Es parte del encanto de Taichi, que lo mismo se te comporta como un serio y digno adulto y a los cinco minutos le entra la neura de nene pequeño y se va para casa montando la paranoia con que a él le parece que Yamato está más alto. A saber qué le habrá dicho a Koemi para que haya acabado metiéndose con él.

"Siii, las bodas son para que la novia disfrute" "Siii el rubio ese es un rancio" JA! ❤❤Ahora, ahora sí que me voy a poner a escribir cosas delicadas, así que trae el cojín para aquí o me moriré yo sola en el intento de semejante cosa que quiero hacer.

¡Un abrazo de tortuguita (rubia)!❤❤

Guest Vecina:exacto, a Taichi le da igual que esté más flacucho que no, a él lo que le preocupa es que se le ha puesto al lado y lo ha visto más alto, y ya bastante tiene con que desde que se ha cortado el pelo se nota mucho más quién es más alto de los dos xDDD ¡Menudo drama! Lo mejor es lo que dice Yamato, cuando consiga volver a cruzarse con él va a haber vuelto a la normalidad y vuelta a la paranoia. Todo por no ocurrírsele consultar si los astronautas crecen o no XD

Está tan implicado en esa boda como los novios, ¡es la tercera parte del matrimonio! Tiene que ser él quien saque esos temas, aunque a los cinco minutos suelte alguna tontería. Y sí, exacto, a Sora con tal de tenerlo en el mismo planeta que ella está más que contenta. Eso y que está empezando a asimilar las cosas poquito a poquito y no le la cabeza para estresarse por el trabajo y fantasear con casarse (yo creo que aún no se lo termina de creer xD).

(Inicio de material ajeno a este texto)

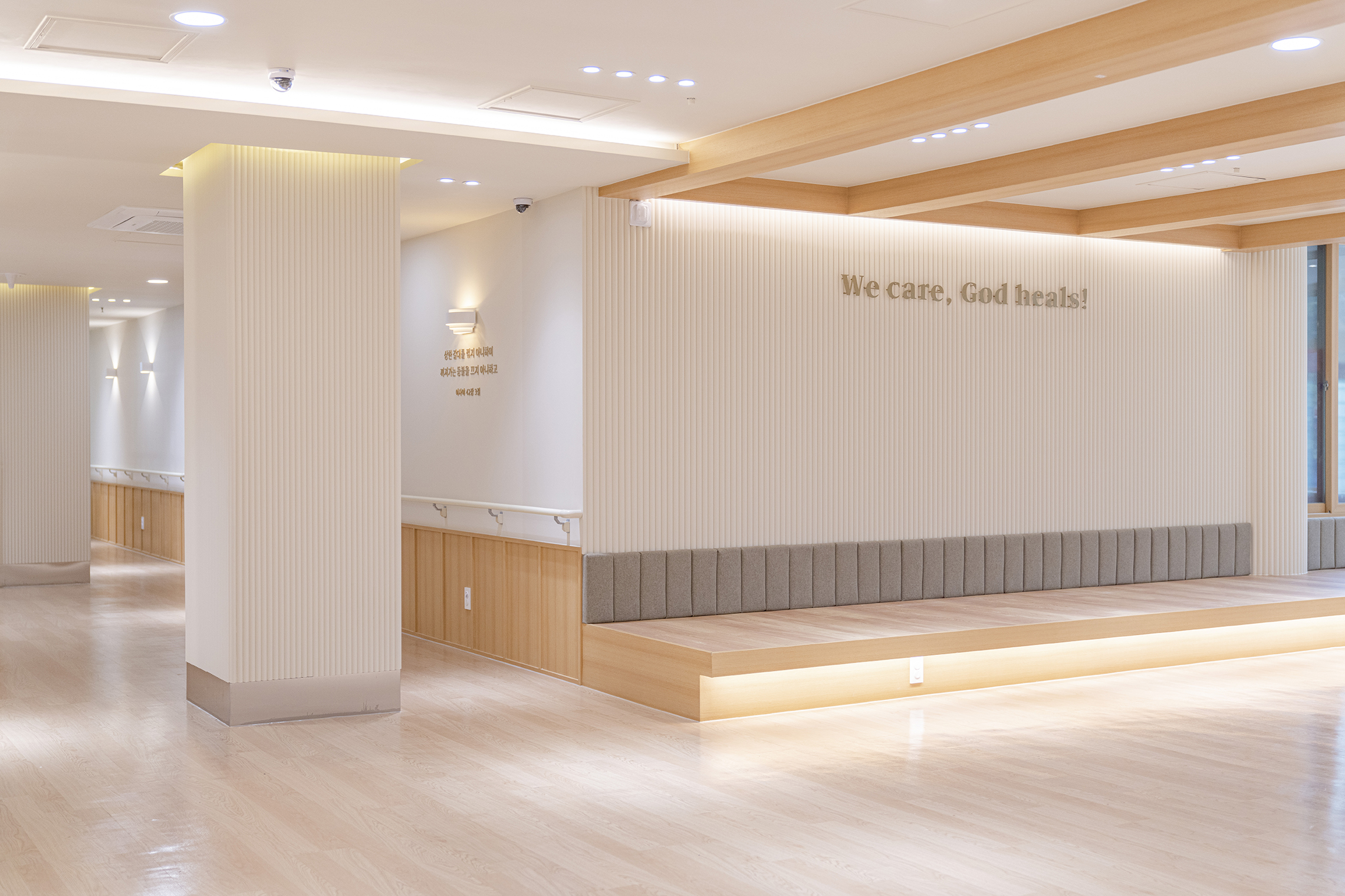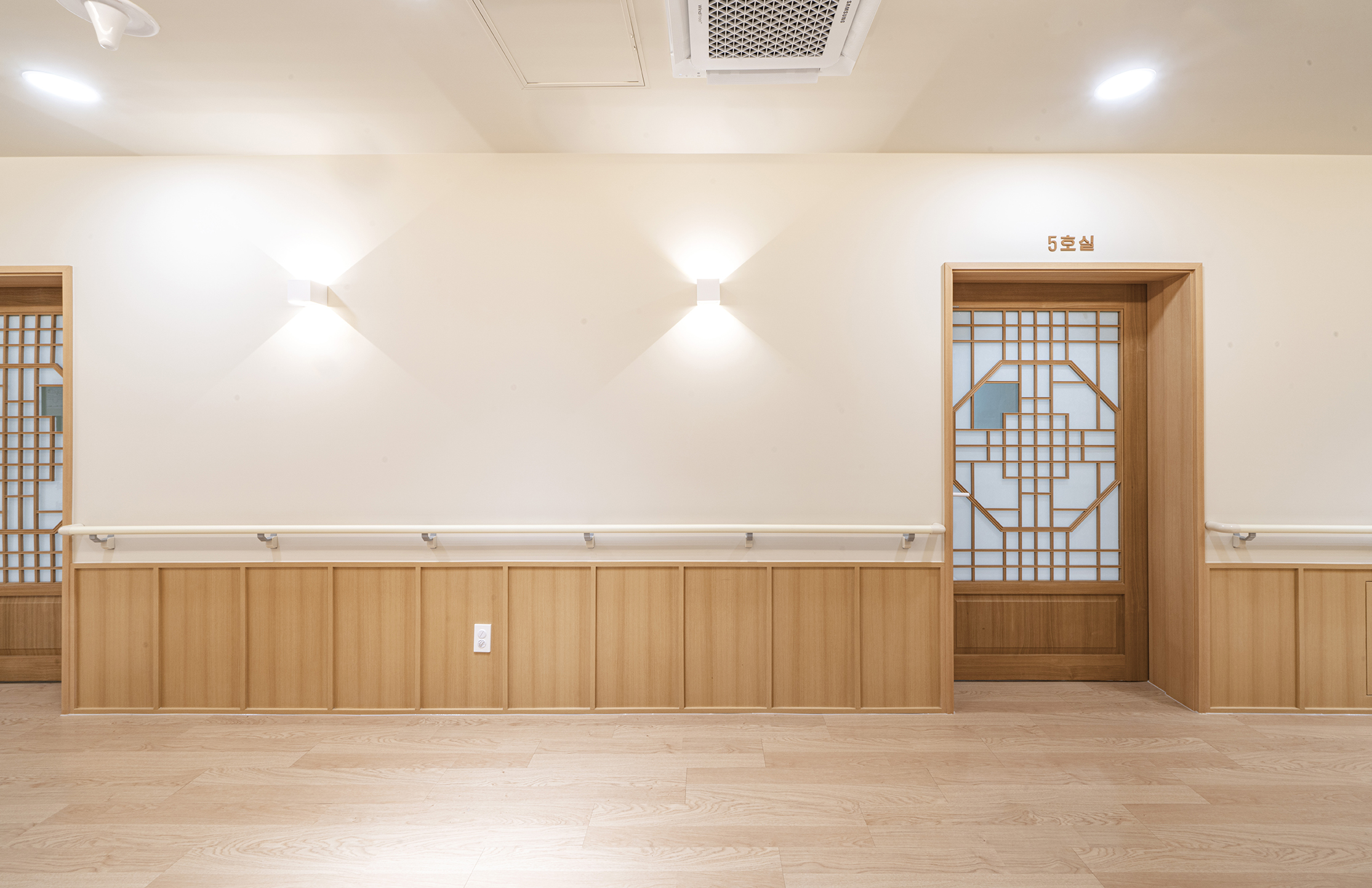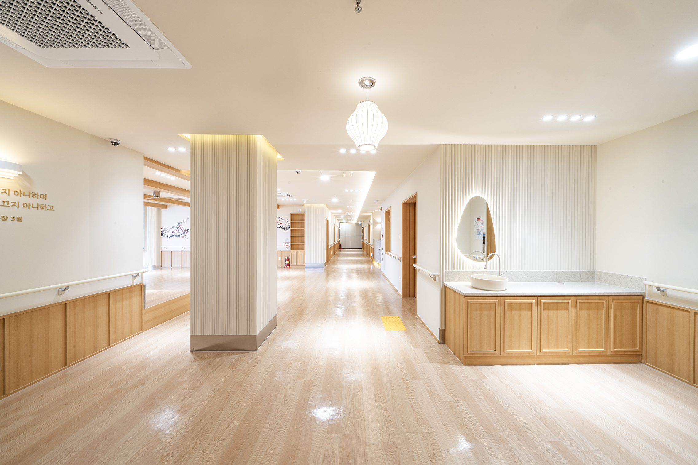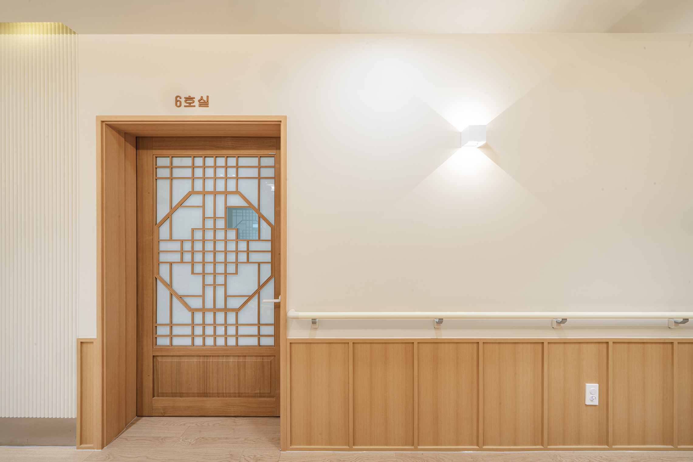 Podowon Geriatric care center, which has a vision of 'a geriatric care center that is trusted by the family and heals the indisposed body and mind of the elderly', is located at the foot of a mountain with a beautiful scenery in Namwon, Jeollabuk-do. We remodeled the second floor of the four-story geriatric care center and added openness to the existing structure to specialize in caring for the elderly with Alzheimer's disease. In consideration of the preferences of the elderly who are the ones mainly living here, the entrances to all rooms were decorated with a traditional pattern. Wood and cream were mixed for the overall color to give a fresh feeling. In particular, low wooden benches were formed along the edges of the living room to create a space for the elderly to lie down and rest, and the height of the benches was set through simulation to help caregivers care for the elderly. Between the traditional and the modern, more emphasis was placed on modernity to relieve the sense of weightiness. In most geriatric care centers, the guardians (children of the elderly) are the ones who look around and make decisions. Therefore, the starting point of he design was the thought that they should have no regrets about the facility when returning with their parents. Since they had to at least be reassured that their parents are living in a better facility than the house they were living in, we designed the software related to the operation of the geriatric care center to be able to be incorporated with the interior, which is the hardware. The corridor is divided into the lower and upper parts based on the safety handles. The upper part was finished with cream colored paint, and for the lower part, both circulation and practicality were considered by using reinforced plywood and internal wood film to prevent damage to the walls from wheelchairs for the elderly with limited mobility. Due to its nature, the geriatric care center has many supplies, so all available space below the bench and along the walls of the corridor were made to be used as storage spaces, and considering the visual aspect after they are stored, doors were made for all of these storage spaces to allow them to be covered by the design.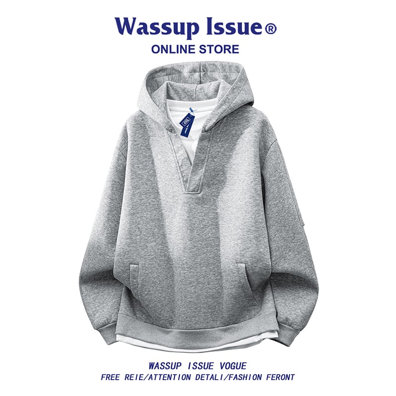♥裏起毛フェイクレイヤードパーカー!【WSシリーズ】★パーカー★ 裏起毛 ユニセックス 3color トップス メンズ フェイクレイヤード Vネック
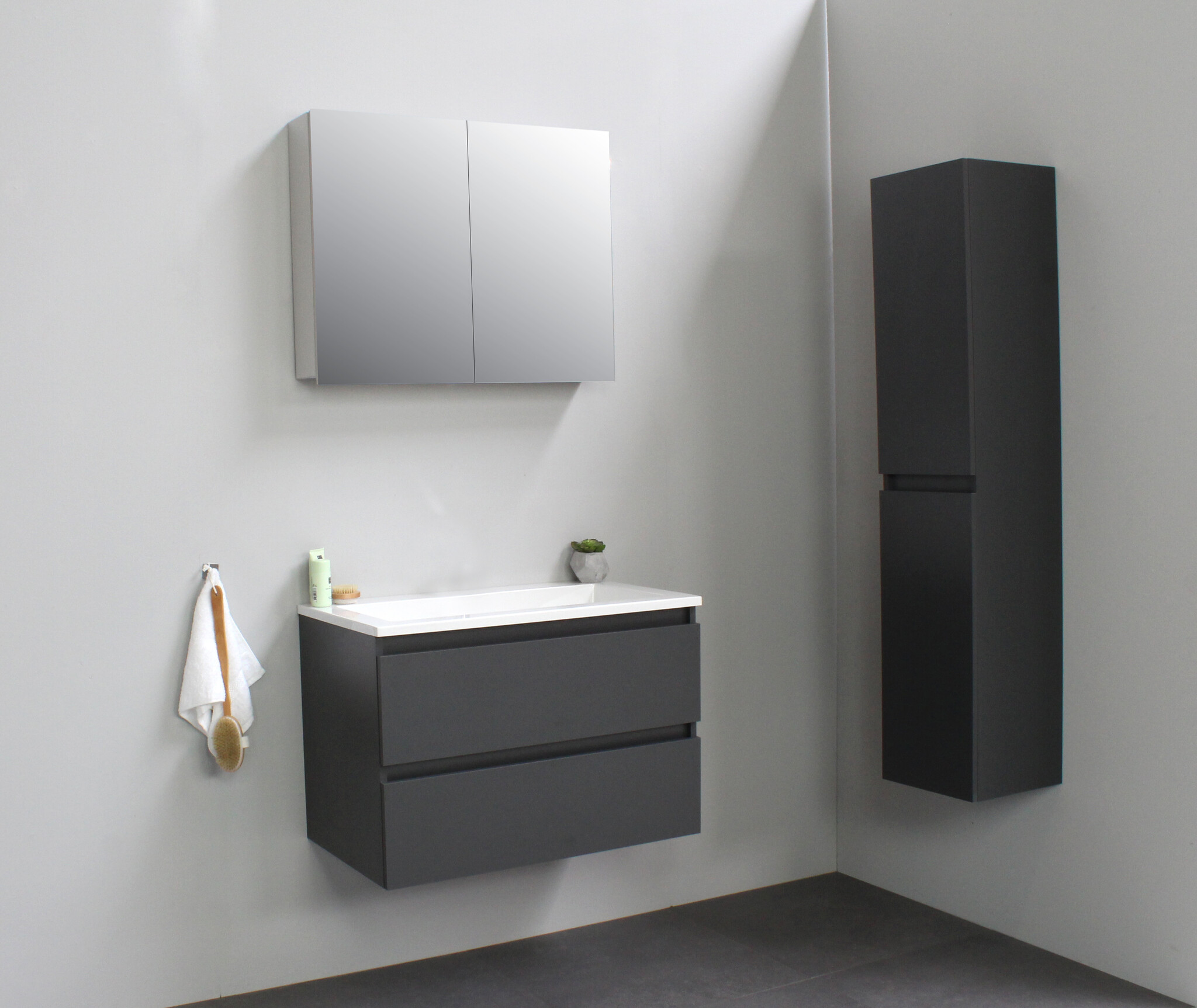 Solidline badkamermeubelset | 80cm | Acryl | Wit | 0 | Mat antraciet | Met spiegelkast | Bouwpakket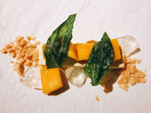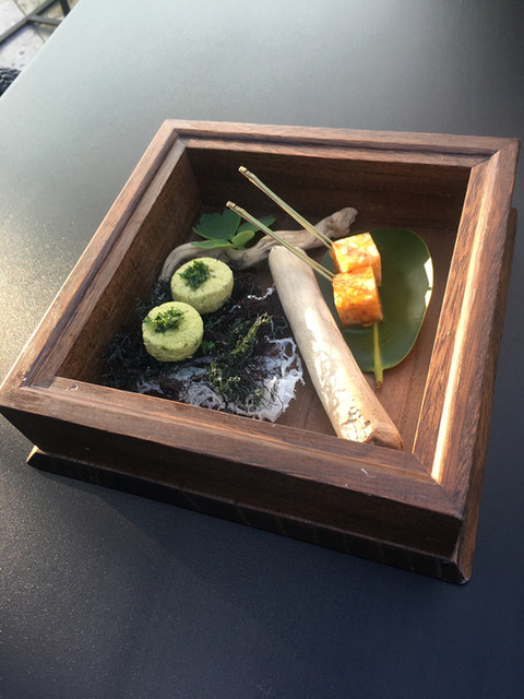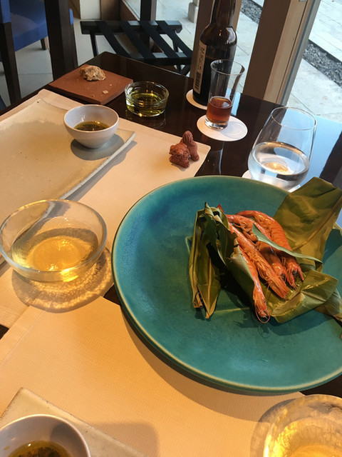 沖縄の素材をフレンチの技法でコースに仕立てました。沖縄の器とともにご賞味ください。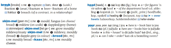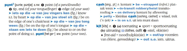 Die woordeboek bied verder ’n magdom algemene frases, kollokasies en vaste uitdrukkings wat nie direk vertaal kan word nie – so kry die leerder leiding oor hoe om frases en uitdrukkings korrek na die teikentaal te vertaal.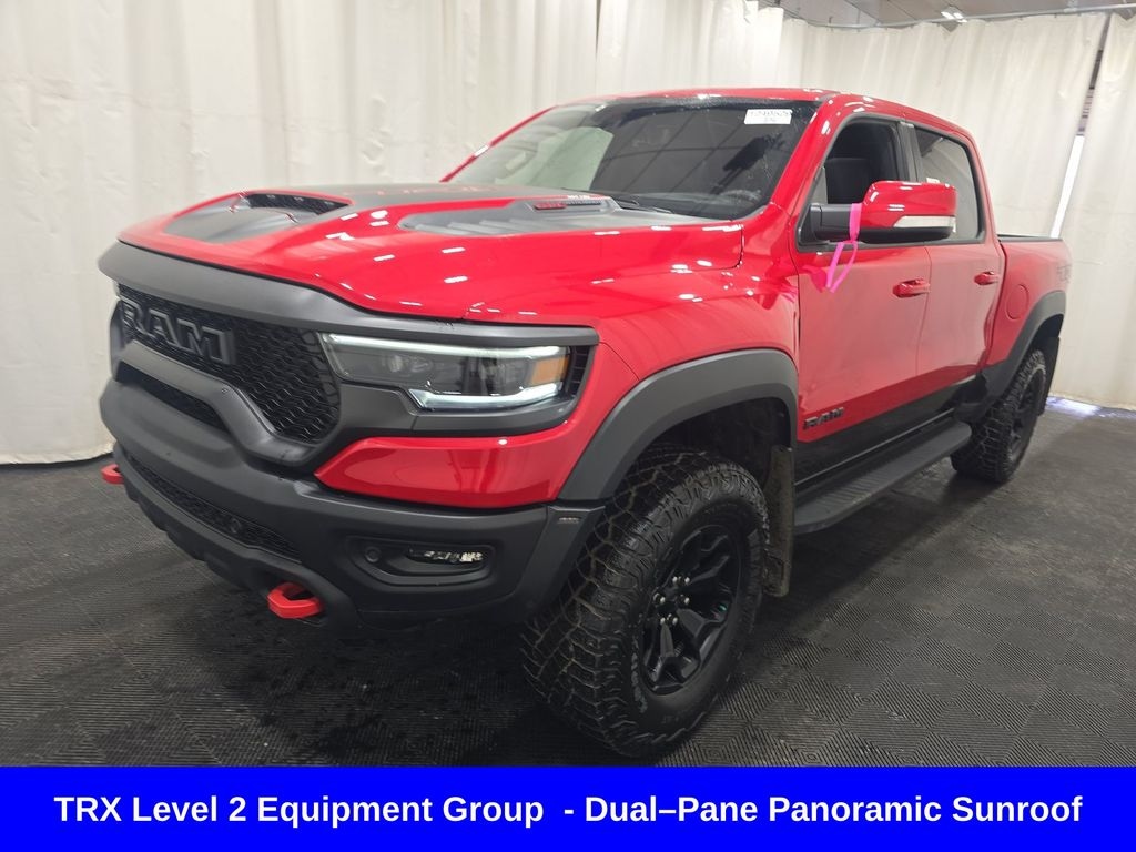 Recent Arrival! Flame Red Clearcoat 2022 Ram 1500 4D Crew Cab TRX Panoramic Roof 6.2L Supercharged HEMI V8 SRT 10/14 City/Highway MPG 8-Speed Automatic 4WD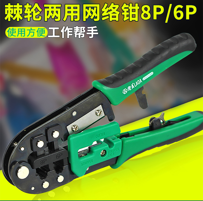 Old A Taiwan manufacturing dual-use ratchet network pliers Wire Pliers Crystal Head wire pliers 6P 8P Press Wire Pliers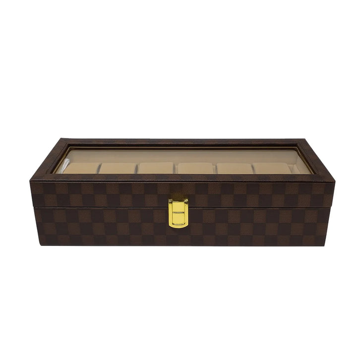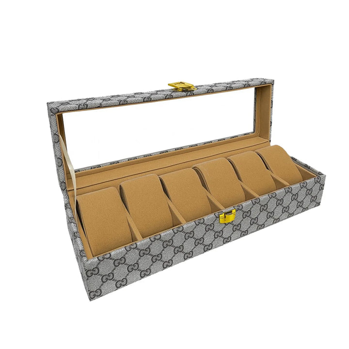 ā Premium 6-Slot PU Leather Watch Box with Glass Window

Qué maja la página... Además, ni siquiera me llegó el aviso, así que no es que yo haya hecho el inútil y haya borrado algo, cosa que ya me ha pasado. Debe de ser su nueva forma de reírse de mí... TT_TT

¡Un abrazo tartugaroso! ❤❤

Ace Cornell: Eeeeh no te me cambies de nick que me quedo muy confusa luego XD Y cuando me saque la maldición de la boda tendré la de la nena pa' cuando, no te engañes jajaja Cuando termine la historia pondré a jLo en los agradecimientos. Es un hecho jajajajaja Estás castigado sin besos ni abrazos, tú ya sabes por qué. Y no, no es porque me hayas recordado la existencia de canciones otra vez. Al rincón a pensar en lo que has hecho.